Club Med 1 & Club Med 2

Historique : ces deux navires sortis des Ateliers et Chantiers du Havre, respectivement en 1990 et 1992 ont fait les beaux jours du célèbre voyagiste français durant la décennie 1990. Mesurant chacun 187 mètres de long et accueillant un peu moins de 400 passagers, ils sont facilement reconnaissables grâce à leur architecture extérieure qui représente l’aspect d’un voilier à cinq mats (voir photo ci-dessus). A l’époque, seule la compagnie américaine Windstar Cruises, armait le même type de navires, légèrement plus petits.

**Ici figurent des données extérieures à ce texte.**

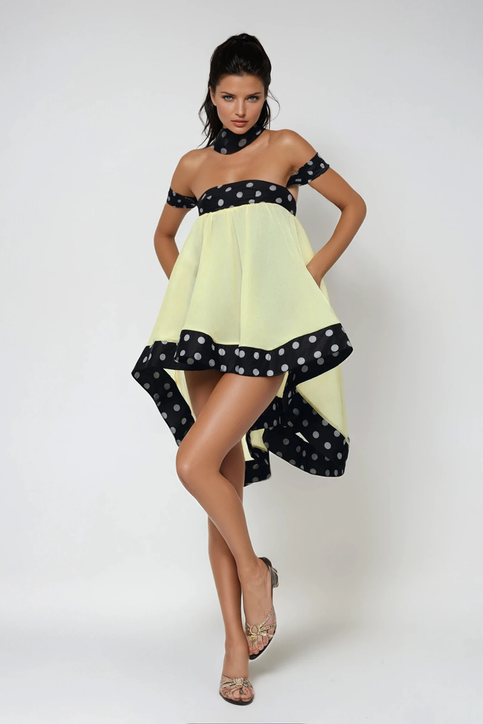 Dewey Off Shoulder Dot Asymmetric Mini Dress – Ellalabel.com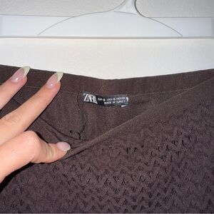 NWOT ZARA BROWN PATTERNED KNIT CROCHET BODYCON MINI SKIRT SIZE SMALL

Leurs destinations de prédilection ? Les deux navires ont voyagé dans le monde entier, privilégiant la Méditerranée en été, les Caraïbes ou l’Asie en hiver et parfois l’Europe du Nord.

Que sont-ils devenus aujourd’hui ? En 1997, la compagnie décida de céder le Club Med 1 à son principal concurrent l’américain Windstar Cruises. Aujourd’hui encore, il continue à voyager pour cette dernière à travers le monde. Le Club Med 2 est toujours le seul et unique navire de croisière armé par le voyagiste français. On le voit très souvent en été en Méditerranée pour des croisières au départ de Nice, de courte durée mais aussi au Caraïbes.

Norway

Norway ancré aux Caraïbes © D.R

Norway ancré aux Caraïbes © D.R

Historique : il est certainement l’un des paquebots français les plus connus au monde lorsqu’il quitta les Chantiers de l’Atlantique de Saint-Nazaire en 1962 sous le nom de France. Jusqu’en 1974, le navire effectua des liaisons transatlantiques entre Le Havre et New-York via Southampton, avant d’être désarmé en 1974 à cause du coût de son exploitation et de la concurrence farouche de l’aviation. Attendant son sort au Havre, il reprit du service en 1980, sous le nom de Norway pour la compagnie Norwegian Cruise Line.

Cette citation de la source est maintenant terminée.